The second and third requirements recognize that it will not be possible at the beginning of the year to know for certain whether an employee will, in fact, work 14 days or fewer in New York State during such year. Thus, the employer needs to make a good faith determination. If it is expected that the employee will work more than 14 days, withholding will be required from day one. If it is reasonable to think that the employee will not work more than 14 days, no withholding will be required, unless the employee, in fact, works more than 14 days, in which event withholding will be required on wages paid after the 14th day. But there is nothing in the memorandum, in such case, to require the employer to catch up on the withholding for the first 14 days. Similarly, if an employee is reassigned to a New York office, withholding will be required on all wages paid after such reassignment.

Further Clarifications

The memorandum goes on to list several notable situations where withholding will still be required even if the employee works 14 days or fewer in New York. Athletes are subject to withholding on the portion of their income allocable to New York regardless of the number of days spent in New York. The memorandum also requires withholding with respect to other individuals connected to athletic activities, such as coaches, trainers, and referees. Since many of these individuals are likely to have income much smaller than that of the athletes, it seems that the rule will be overly burdensome in at least some cases.

Entertainers, as well as other individuals involved in television, radio, theatre, and any other filmed or recorded performance, will also be subject to withholding regardless of the number of days spent in New York. Again the memorandum makes no distinction between highly compensated individuals and other individuals involved in these productions, thereby subjecting large numbers of people to the administrative cost of compliance with relatively little revenue gains.

Compensation paid to commission salespersons will also continue to be subject to withholding under prior rules.

The memorandum also emphasizes that the exception from withholding does not apply to compensation paid in one year for work that relates to income performed in a prior year, such as deferred compensation and compensation from nonstatutory stock options.
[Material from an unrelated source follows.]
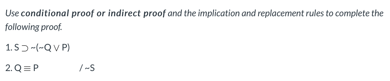 Use conditional proof or indirect proof and the implication and rep...

Thus, someone who works more than 14 days in a prior year cannot avoid withholding by having all or a portion of his compensation paid in a later year.
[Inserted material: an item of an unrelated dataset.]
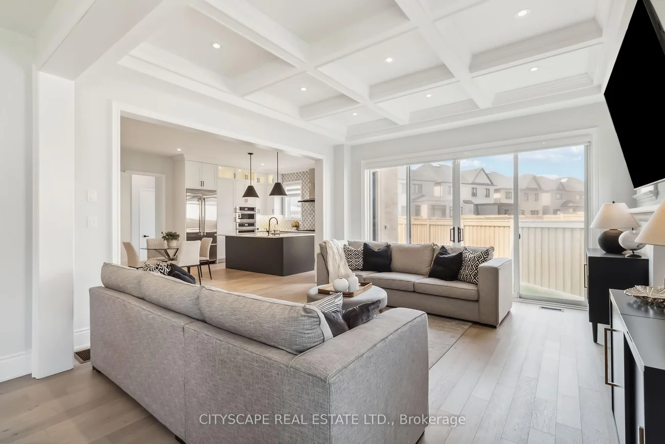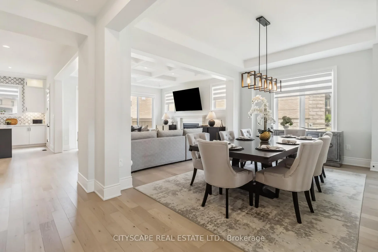 Welcome to Glen Abbey Encore - Where Your Fairytale Begins. Step into luxury with this exquisite executive Vanderbilt model by Hallet Homes- a 5-bedroom, 5-bathroom stone and brick masterpiece. Boasting 3,910sq. ft. of elegant living space (excluding the basement) and situated on a premium reverse pie-shaped lot with a 105-ft wide frontage, this residence is as rare as it is refined. Ideally located near top-ranked, provincially recognized schools, this home is perfectly suited for growing families. Over $150,000 in upgrades elevate every corner of this property, starting with a grand entrance that leads to an open-concept main floor-ideal for entertaining. Enjoy a gourmet chef's kitchen featuring Cambria quartz countertops, built-in Jenn Air appliances, and an expansive eat-in area. The main level also includes a formal dining room, a dedicated office, and a richly appointed wine room, all adorned with elegant wainscoting, pot lights, gleaming hardwood floors, and fireplaces that bring warmth and character. Large sliding patio doors flood the space with natural light, seamlessly connecting the interior to the outdoors. A 3-car garage with a Tesla EV charger adds both convenience and modern efficiency. Nestled on a quiet, forest-facing street, this home offers the perfect balance of tranquility and accessibility, with easy access to major highways and the scenic 14 Mile Creek Trail. A rare blend of sophistication, functionality, and family-friendly living-this home is truly a dream come true.

While the 14-day rule described in the memorandum will provide some comfort to some New York employers, as described in this article, questions remain regarding when and if New York employers will need to withhold, which may require litigation to resolve. Stay tuned.

Joseph Lipari is a partner of Roberts & Holland. Jason K. Binder, an associate of the firm, assisted in the preparation of this article.

Endnotes:

1. Tax Law §601(e).

2. Reg. §132.18. Special rules apply to commission salespersons whose compensation is dependent upon revenues generated (see Reg. §132.17) and to stock options, stock appreciation rights, and restricted stock (see Reg. §132.24).
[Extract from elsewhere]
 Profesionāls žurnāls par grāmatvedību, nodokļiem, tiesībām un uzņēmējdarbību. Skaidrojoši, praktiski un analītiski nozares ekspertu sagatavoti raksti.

3. For New York’s rules related to credits for tax paid to another state, see Tax Law §620 and Reg. §120.1.

4. See Reg. §132.22.

5. See Tax Law §675 (employer liability extends not just to tax subject to withholding but also to additions to tax, penalties, and interest with respect thereto).

6. See TSB-M-12(5)I (July 5, 2012).

7. See Reg. §132.18(a).

8. See, e.g., Matter of Friedman, Docket No. 818271, New York Div. of Tax Appeals, ALJ (June 27, 2002).